- _Data below_
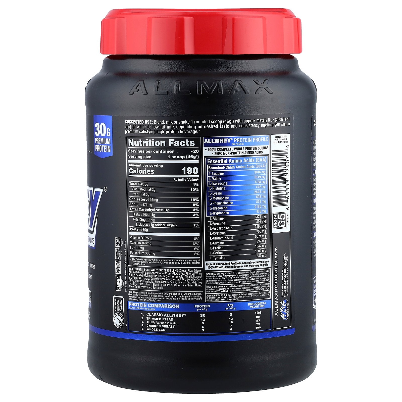 Classic AllWhey® is a premium Whey Protein Concentrate blended with Whey Protein Isolate delivering 30 g Protein in a 46 g serving; tested and guaranteed! AllWhey delivers a clean, complete and whole protein made from the best source; 100% Whey Protein!
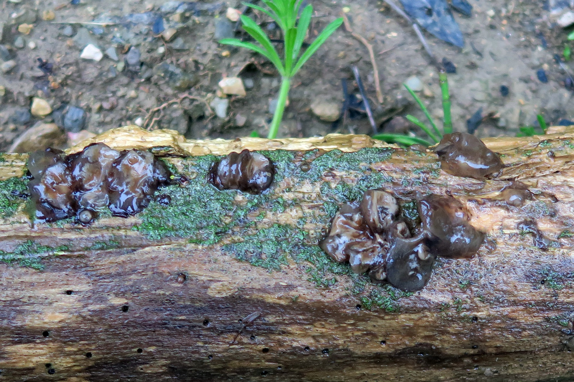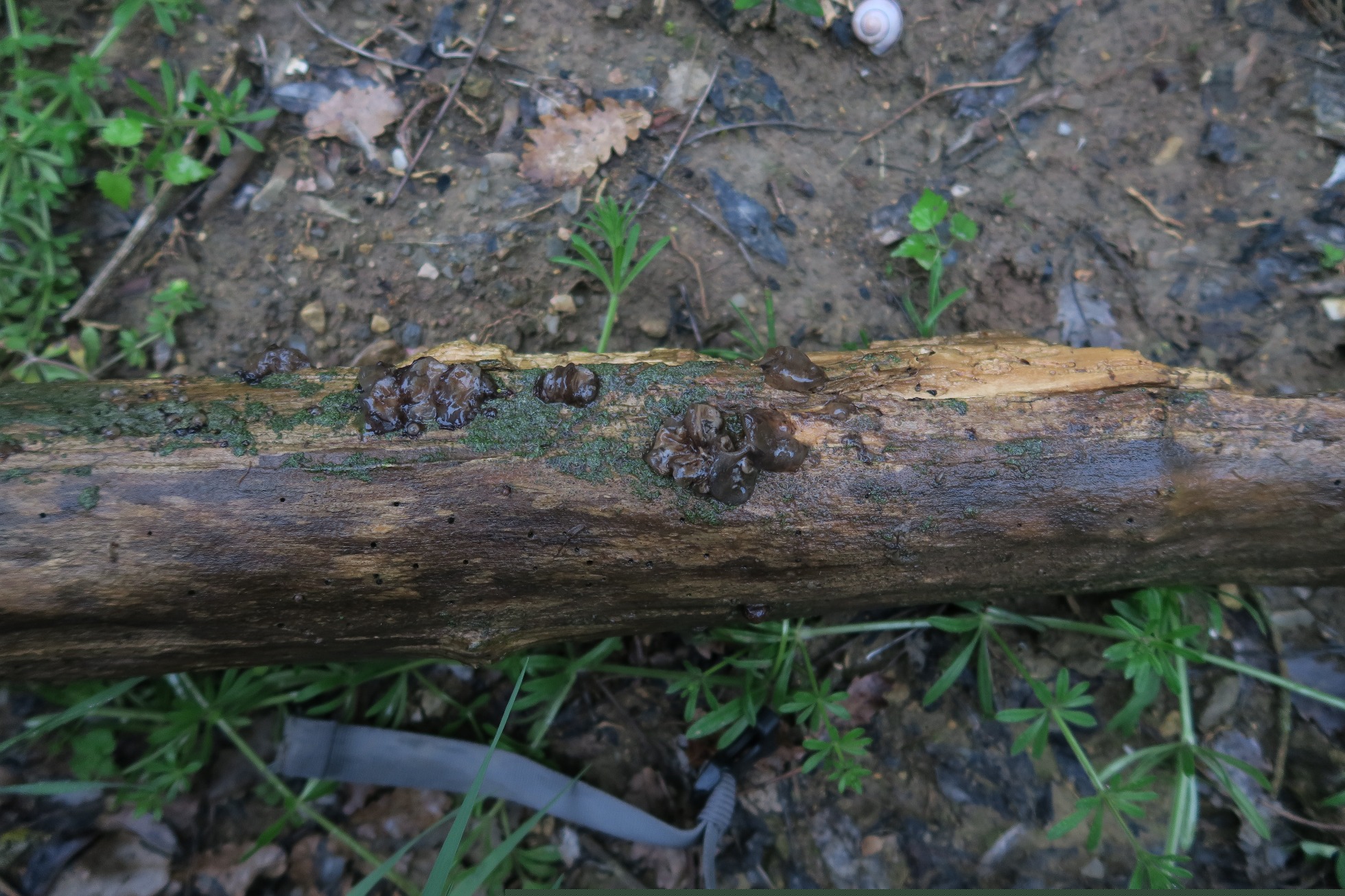 Os dejo unas imágenes de una Exidia, del pasado domingo, brotando en un tronco semisumergido en el agua de un riachuelo, de agua bastante limpia.
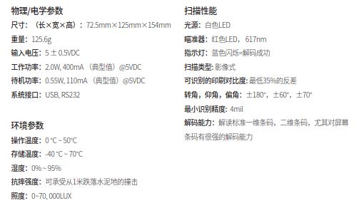 全新的 2D 影像掃描引擎:配合卓越的的二維解碼軟件,進(jìn)一步優(yōu)化條碼識(shí)讀爽度,可以實(shí)現(xiàn)長(zhǎng)景深,高速率的二維碼掃描能力,高效保障用戶體驗(yàn)和操作效率。
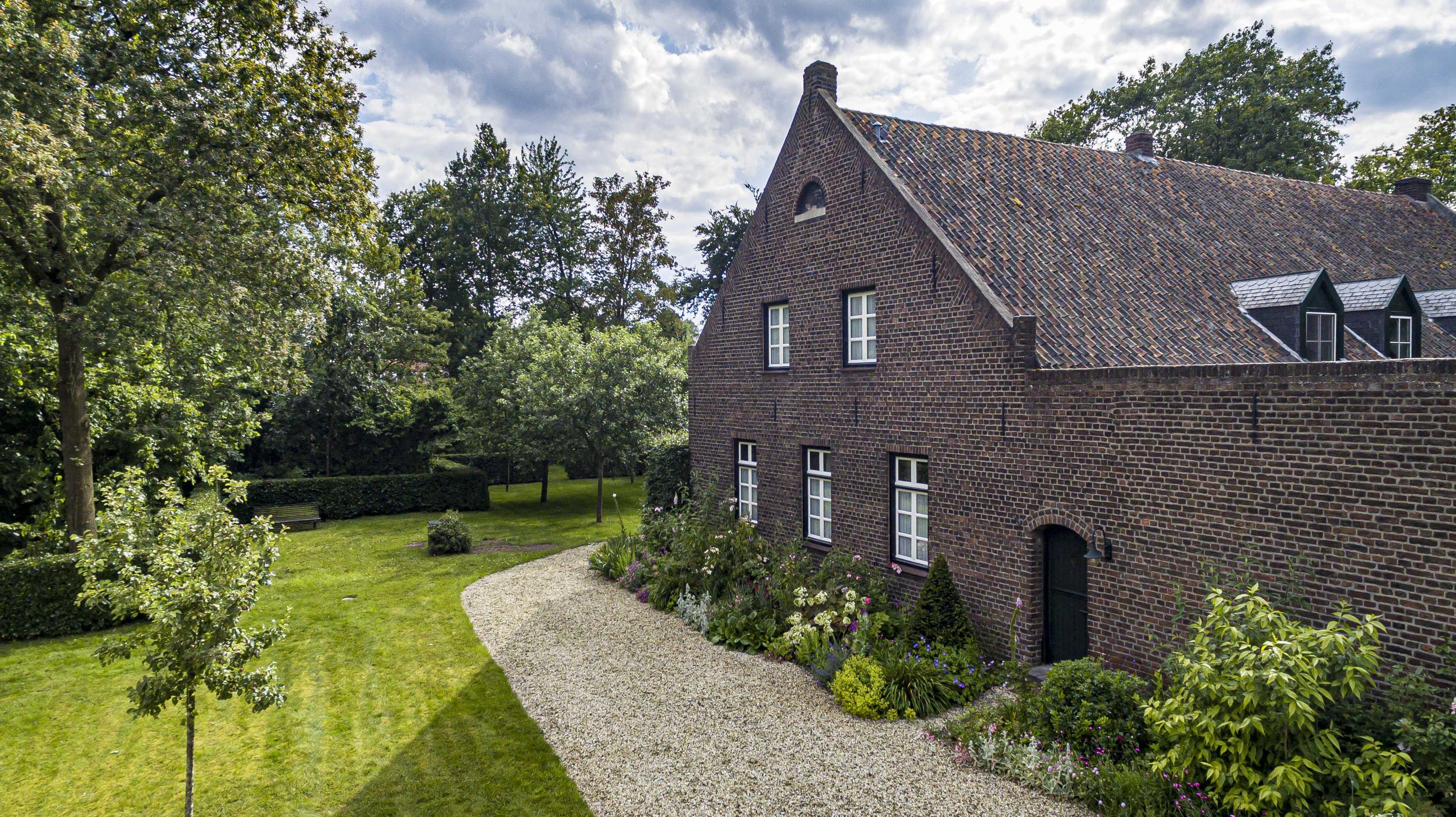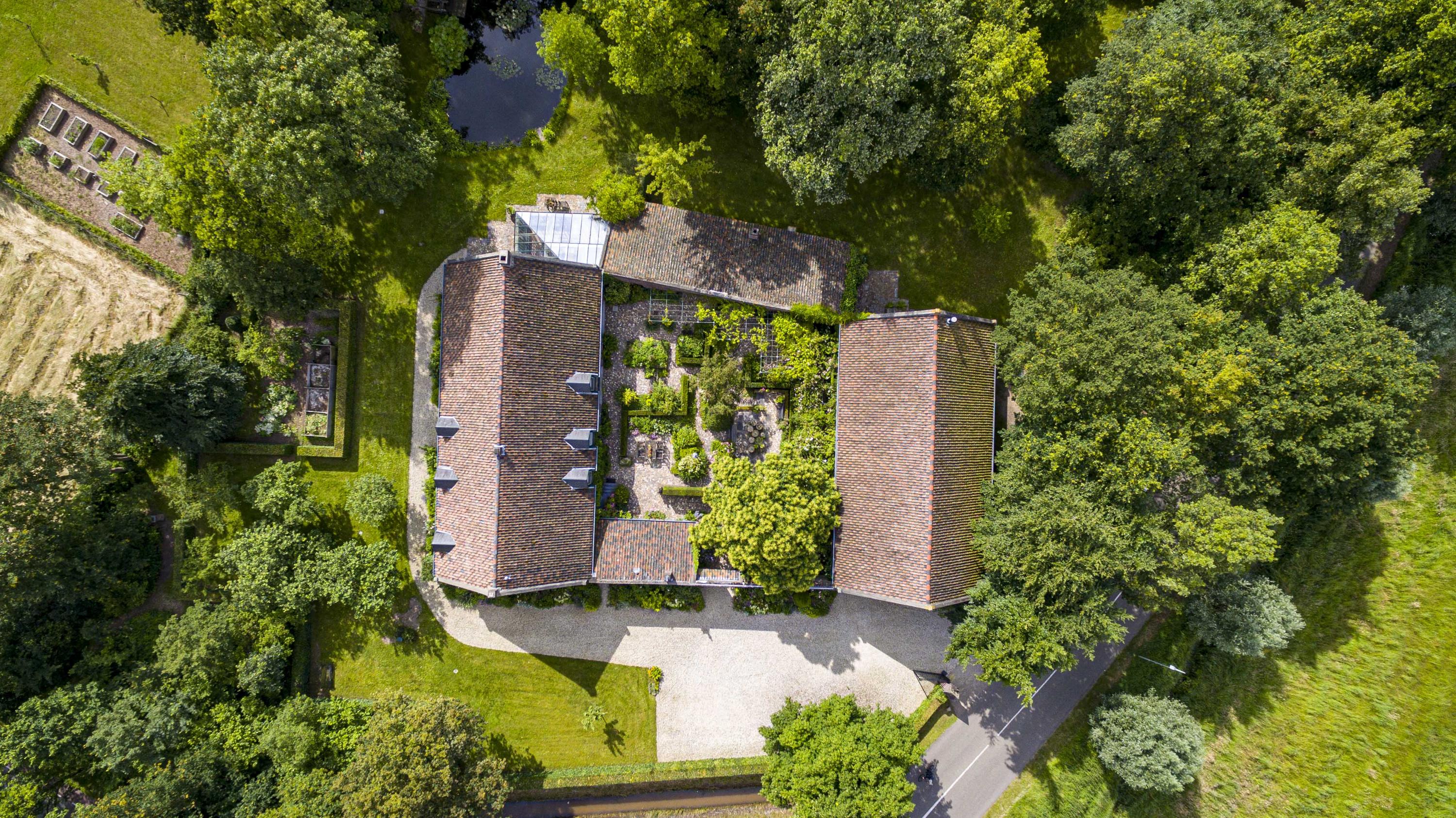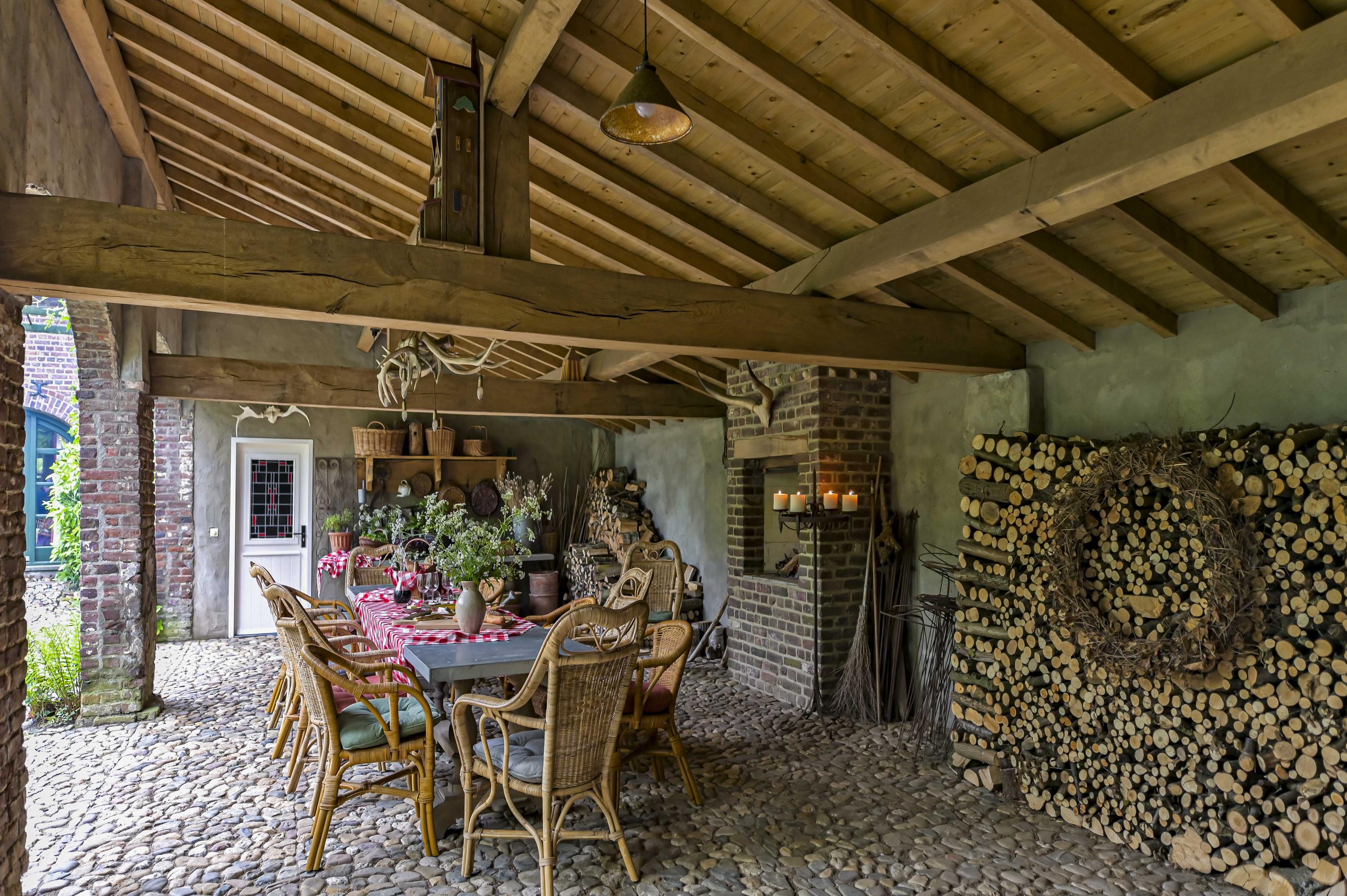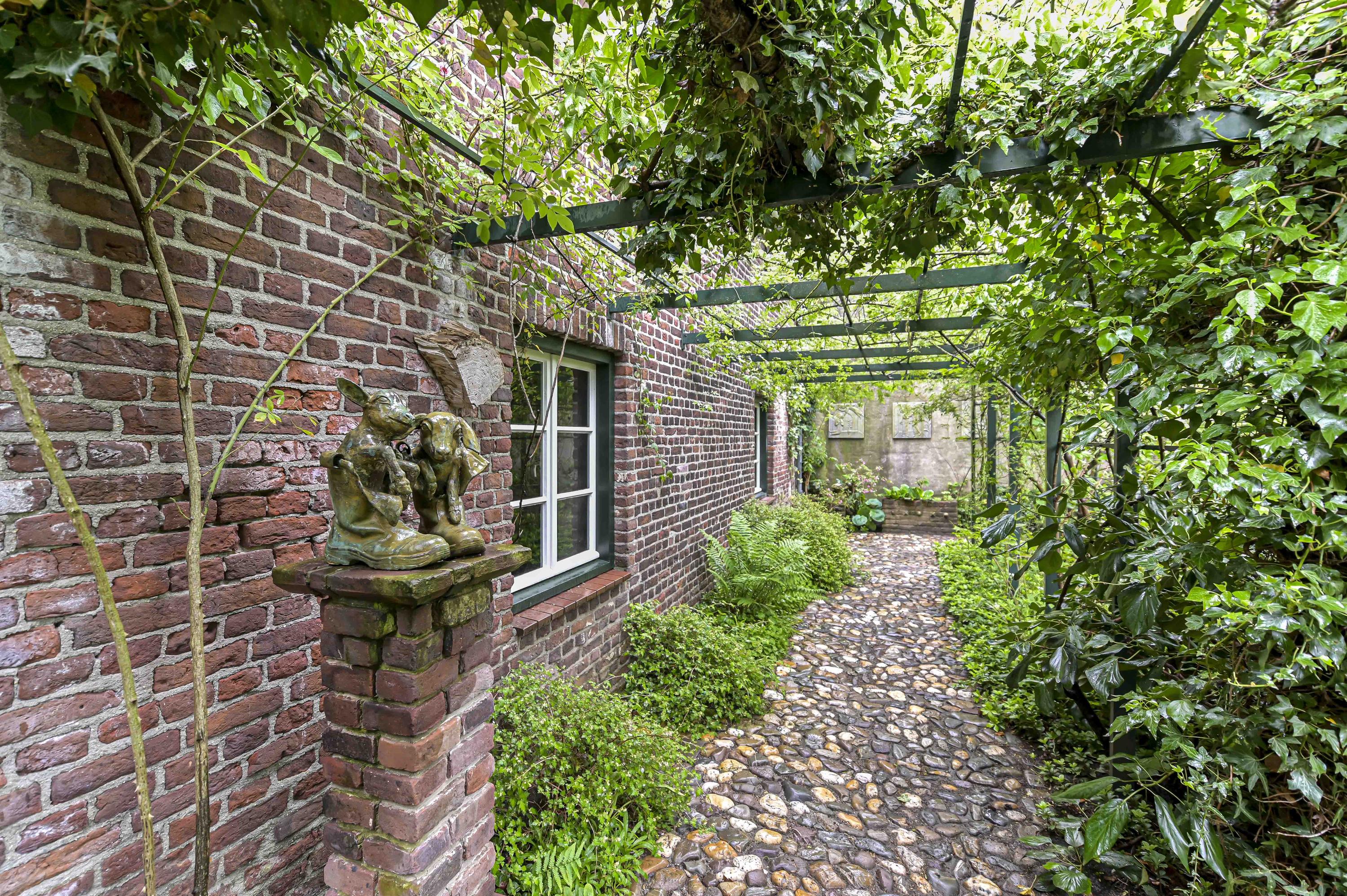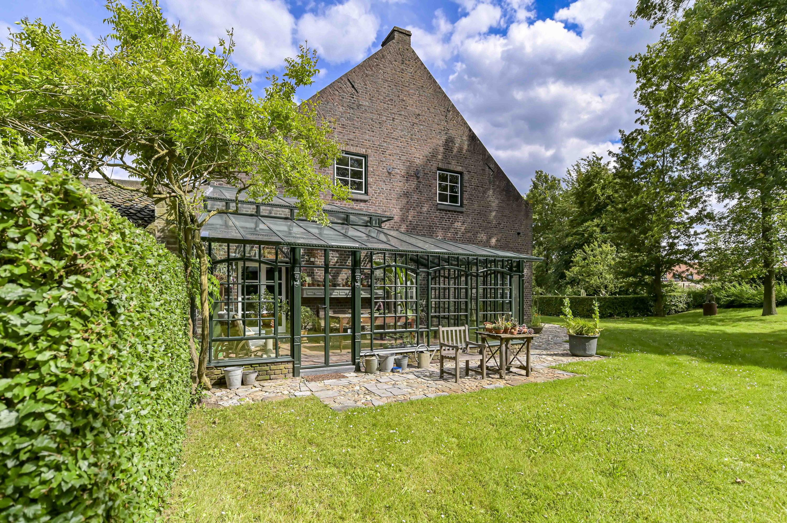 Prachtig aangelegde en zeer groene binnentuin met royale overkapping. Vanuit hier is de gehele carré boerderij zichtbaar. Alles is afgewerkt met zinken afvoeren en dakgoten.

- _Assigned task_
Text only, please: give the listing again word for word with no images.

- _Written solution_
 Classic AllWhey® is a premium Whey Protein Concentrate blended with Whey Protein Isolate delivering 30 g Protein in a 46 g serving; tested and guaranteed! AllWhey delivers a clean, complete and whole protein made from the best source; 100% Whey Protein!
 Os dejo unas imágenes de una Exidia, del pasado domingo, brotando en un tronco semisumergido en el agua de un riachuelo, de agua bastante limpia.
 全新的 2D 影像掃描引擎:配合卓越的的二維解碼軟件,進(jìn)一步優(yōu)化條碼識(shí)讀爽度,可以實(shí)現(xiàn)長(zhǎng)景深,高速率的二維碼掃描能力,高效保障用戶體驗(yàn)和操作效率。
 Prachtig aangelegde en zeer groene binnentuin met royale overkapping. Vanuit hier is de gehele carré boerderij zichtbaar. Alles is afgewerkt met zinken afvoeren en dakgoten.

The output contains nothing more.